1990
The flashbulbs stopped mattering the night you met Axl Rose.
You were only three months out of a high-profile divorce — fresh off magazine covers and whispered interviews, your name still tangled in the shadow of another man. You were a model with a fractured smile and a two-year-old son who clung to your hip like an anchor in a storm.
That night, it was backstage at a Guns N’ Roses concert — not your scene, not your mood.
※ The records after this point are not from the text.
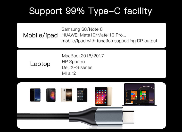 Short description: HM01 Type-C To HDMI Video Cable1.8 mType-Cto HDMI Video, can support max 4k 60Hz or below resoluction.HM01 Professional 4K 60HZ Type-C to HDMI Audio Video & PD Fast charging Audio Cable.Support Mobile Phone/Tablet, directly connect to video devices.FeaturesSupport High Clear Max4K video.Type-C PD fast charging.Type-C to HDMI Video Cable.Video And Audio together.USB charging.HM01 Type-C To HDMI Video CableParameterBrand:YesidoItem Name:Type-C to HDMI Video CableMode:HM01Apply to:mobile phone / tablet / laptop / othersMaterial:ABS + Aluminum Alloy + TPEFeatures:Support Video displayOutput:not support powerG.W:93GHM01 Type-C To HDMI Video CableVideoProduct Using Video1. Connect the cable to a video source, like mobile phone/tablet2. Connect another type to display devices, like mornitor / television/projector3. Scan the code on the screen and follow the usingProduct CompositionUSB chargingType-C to HDMIHM01 Type-C To HDMI Video CableDetailsFAQ1. what is the delivery time of theHM03 Type-C To HDMI Video Cable?Usually, the delivery time will be within 5-7 days.2. What you can do in OEM?We can help to design the customer’s logo on the products, and help to design the product packaging according to our standard3. How long is your warranty time?from the selling date, last for 1 year.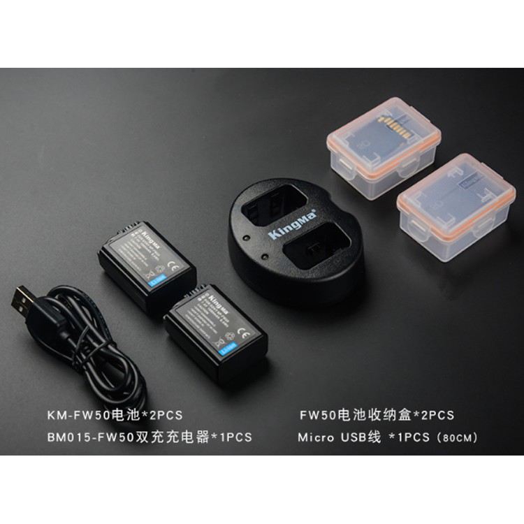 Combo 2 pin + 1 dock sạc đôi chính hãng KingMa KM FW50 dùng cho máy ảnh Sony A7m2/A7r2/A7/A600/A5000/A5100/A6300 ...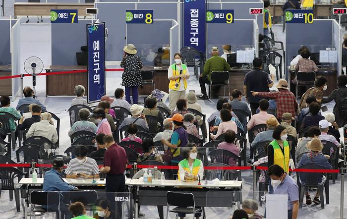8일 대구 수성구 육상진흥센터에 설치된 수성구 코로나19 예방접종센터에서 시민들이 백신접종을 하고 있다.
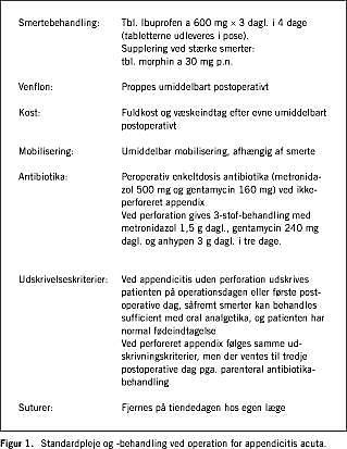 Standardpleje og behandling af patienter opereret for appendicitis acuta er anført i Figur 1 .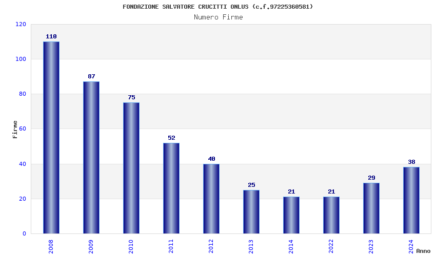 | Anno | Firme | Importi | Media | Naz. | Reg. | Prov. | Comu. |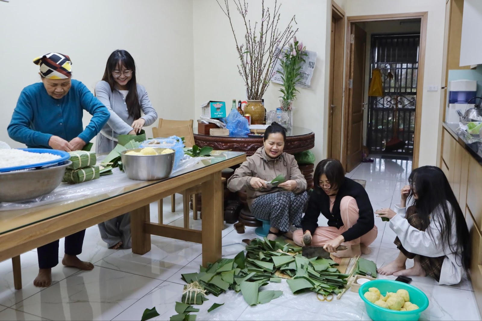 Mỗi năm, dù bận bịu nhưng nhiều bạn trẻ vẫn cố gắng thu xếp công việc để về quê kịp gói bánh, dọn dẹp, sắm sửa cùng ông bà cha mẹ vào những ngày cận Tết. Tú Uyên (25 tuổi) chia sẻ: “Năm nào gia đình mình cũng tụ họp đầy đủ vào ngày 27 Tết tại nhà ông bà để gói bánh Chưng. Mỗi người một việc, người lau lá dong, người đong gạo, vừa làm vừa lắng nghe bà kể chuyện Tết xưa. Đó là khoảnh khắc giúp cả nhà thêm gắn kết và hiểu nhau hơn.”

You weren’t there to be seen. But then he saw you.
Not the press version of you.
You.
Axl was all sweat, adrenaline, danger.
But when he looked at you, it wasn’t about possession — it was like recognition.
Three months later, you’re here.
In your home.
In your oversized T-shirt, barefoot in the kitchen, while he sits cross-legged on the floor with your son, stacking blocks and making ridiculous sound effects that make the boy giggle uncontrollably.
"This tower’s gonna be taller than the Sunset Strip,” Axl says, eyebrows raised, lips curled into a playful smirk as he adds another shaky block.
Your son beams at him like he’s some kind of superhero. And maybe he is — not because he’s famous, but because he stayed. He came back. He wanted this.
You lean against the doorway, arms crossed, watching the two of them in the warm amber light.
“You know I’m not exactly built for this,” Axl says suddenly, glancing up at you — a little nervous, a little raw. “Family. Normal. Any of it. But I’ve never wanted something like this before. I know he's not mine..but i try.”